Following my online analysis of the Supreme Court’s opinion overruling Roe v. Wade, Dobbs v. Jackson Women’s Health, I heard from folks who were unperturbed by the fact that Dobbs is based on a religious belief—life begins at conception—rather than a legal foundation. One man politely chastised me for my views and suggested that I need to be saved by Christ. When I responded that I am in fact a Christian who disagrees with his beliefs, he told me that, “There is no such thing as TWO true Christianities.” Another conversant urged me to take “the spiritual approach,” which would lead me to truly understand Dobbs and the bans on abortion.
Here was my response: “With all the due respect required by the tolerance necessary to our democracy, I do not share your beliefs. Indeed, my faith rejects them. The Constitution is not supposed to be interpreted through one religious viewpoint. Here is irrefutable original intent: the Framers rejected a theocracy in favor of a democratic republic.”
I tell these stories to highlight the danger the forces behind the theologically-driven Dobbs opinion are to our pluralist democracy and religious diversity. Most Americans have been gas-lit by the religious right to cower from declaring our own beliefs. At the same time, their fellow believers have been persuaded that constitutional rights should rest on their religious beliefs. Their persistent labeling of their beliefs as “religious” and everyone else’s as “secular” has led millions of Americans to think that this has been a culture war between true believers and religious outsiders. That’s a lie. It’s never been a culture war—it’s a religious war. Tragically, only the right has understood that. Until now.

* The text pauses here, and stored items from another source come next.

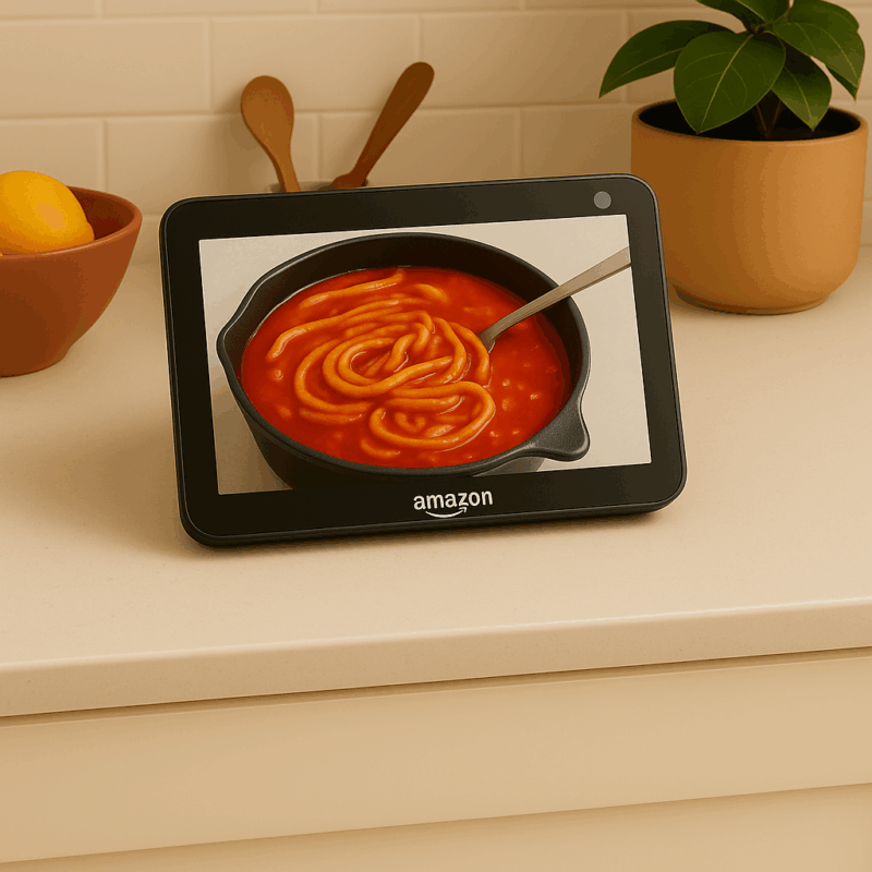 O que mais me surpreendeu foi a sensação de companhia. Pode parecer exagero, mas é verdade: o Echo Show 8 faz a casa parecer menos silenciosa. Dá para pedir uma música, ouvir notícias, ver vídeos, acompanhar receitas em tempo real, e até receber lembretes importantes. Para quem passa muito tempo sozinho, é quase como ter um amigo digital ali, sempre pronto para ajudar ou entreter. E, claro, a tela de 8 polegadas é um tamanho perfeito: grande o suficiente para ver vídeos e receitas de longe, mas sem ocupar muito espaço no balcão ou na mesa.
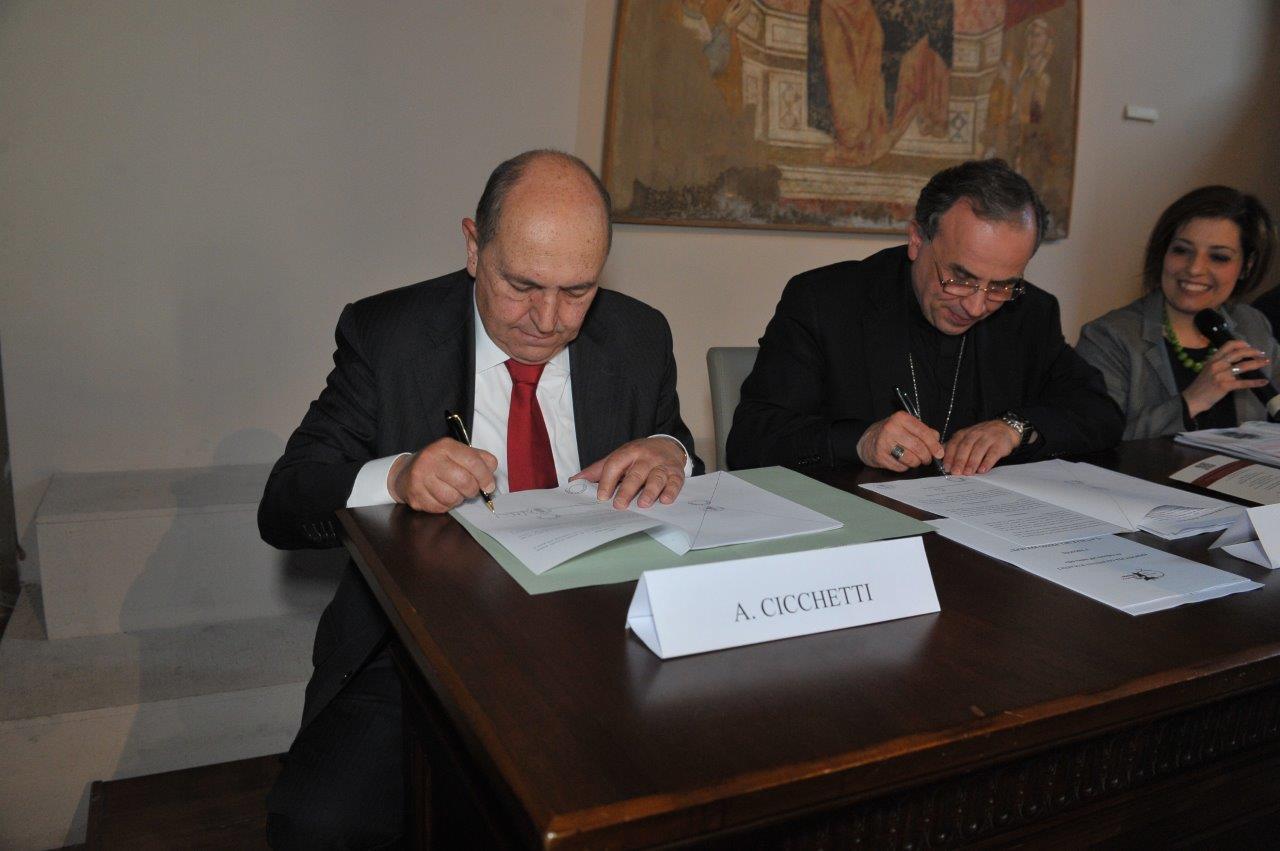 Prima della firma del protocollo che ha sancito l’accordo, anche la riflessione del sindaco di Rieti Antonio Cicchetti, che ha ribadito la volontà di sancire e sottoscrivere un accordo congiunto per portare avanti l’importante progetto di valorizzazione dell’intuizione di Francesco: «Da Rieti può partire un messaggio di serenità di rapporti, dobbiamo fare di questa città un punto di incontro distensivo. Noi siamo un esempio di come le civiltà possano essere compatibili, per guardare avanti insieme, perchè la pace non è solo frutto di buoni sentimenti e buone intenzioni, ma spesso è la risultante dell’assenza di interessi prevalenti che spingono verso la guerra: dobbiamo fare di questa città un punto di incontro distensivo, dove si possa guardare alla cultura degli altri con serenità. Quello che ci è mancato finora non sono solo le strade: ma dobbiamo ritrovare i motivi per venire a Rieti, per andare in un luogo che abbia un significato, che eserciti un richiamo. Noi vogliamo lavorare per questo».
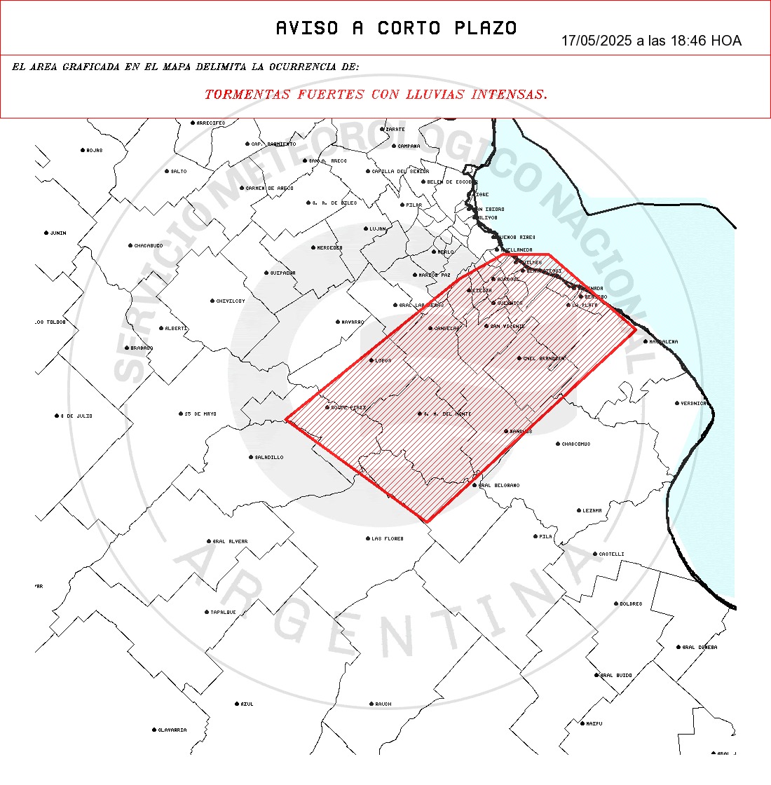 Durante la noche de hoy, los municipios del noreste de la provincia continuarán siendo afectados por lluvias y tormentas de variada intensidad, algunas fuertes o localmente severas. Las mismas estarán acompañadas por abundante caída de agua en cortos períodos, intensa actividad eléctrica, ráfagas que podrían acanzar los 100 km/h y ocasional caída de granizo. Se prevén valores de precipitación acumulada entre 30 y 60 mm durante este período.
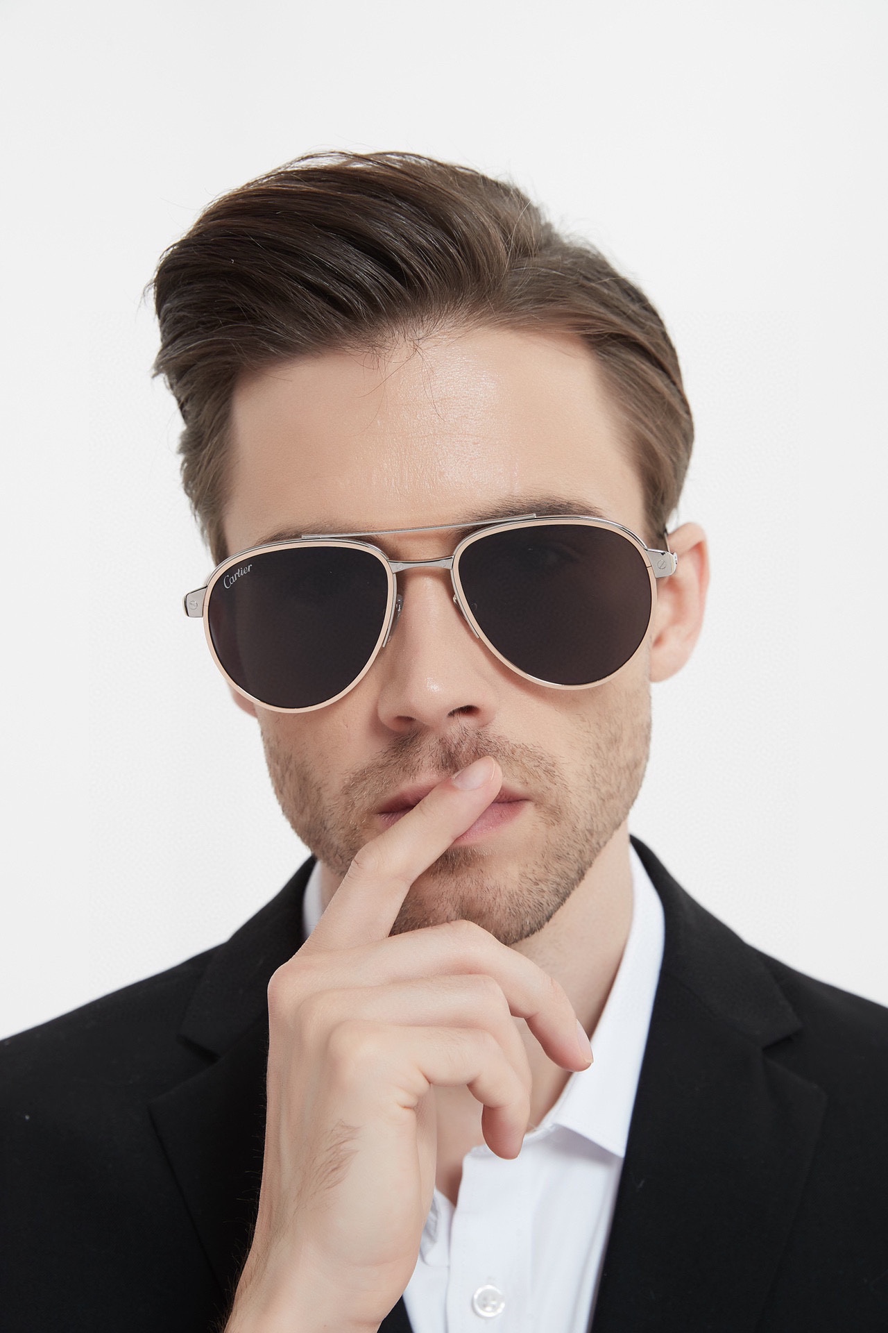 这款太阳眼镜是AAAAA 1:1 质量 (非常棒). 使用了和原版一模一样的材料. 商标部分也保持了和卡地亚/Cartier一样. 图片拍摄是实物太阳眼镜拍摄, 您所收到的实物保证和我们图片一模一样.
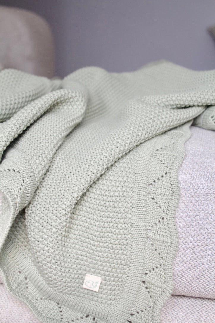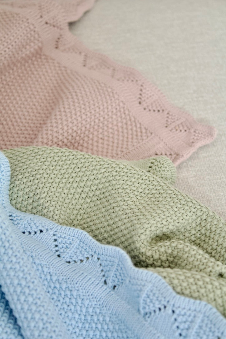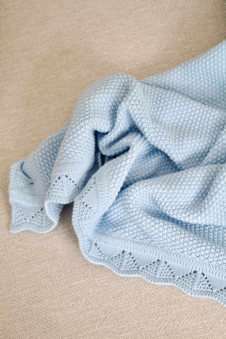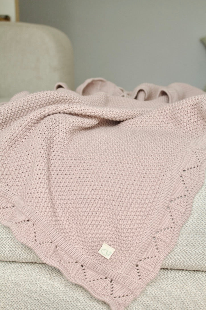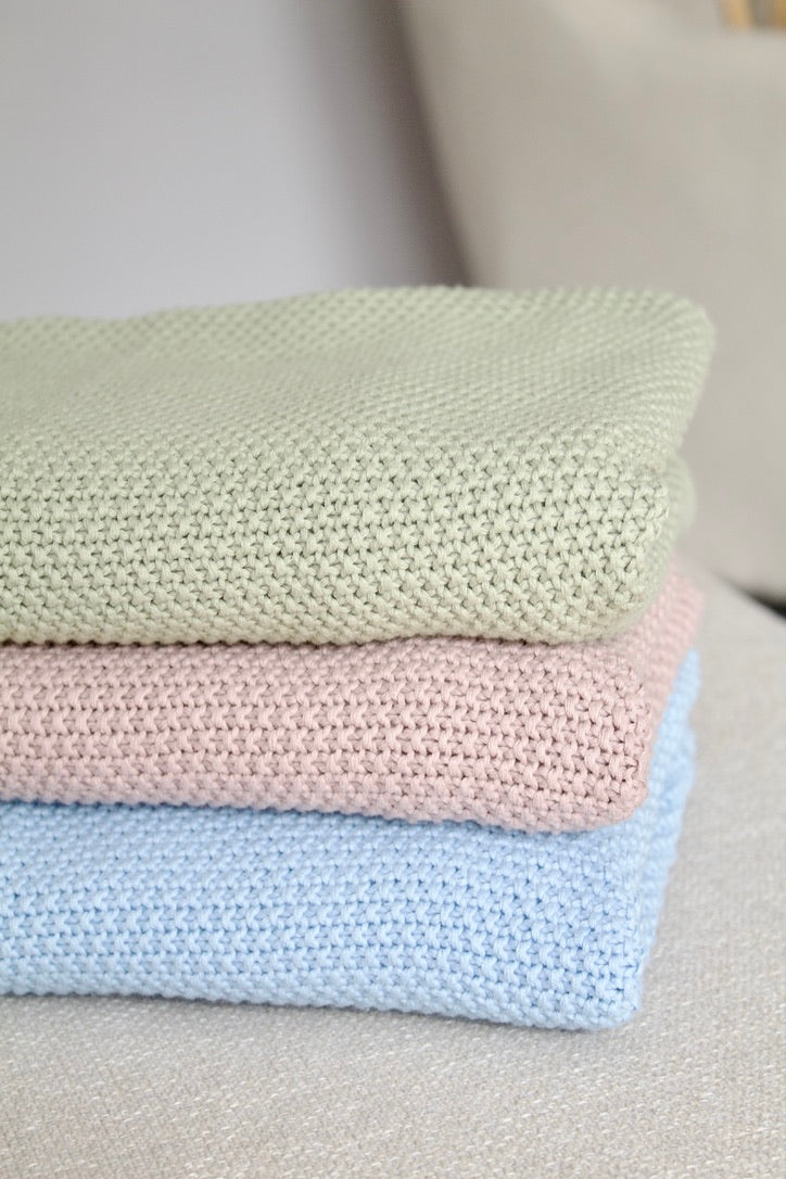 Snuggle your little one in our large, hand-knitted cotton baby blanket.

In fact, those who disagree with the religious right on abortion are also religious, whether explicitly or simply as part of the person’s religious worldview. They just don’t believe what the pro-life believers and a majority of the Justices do. It’s time for the majority of Americans to insist that their beliefs and religious worldviews be recognized in the courts on the abortion issue, and others as well.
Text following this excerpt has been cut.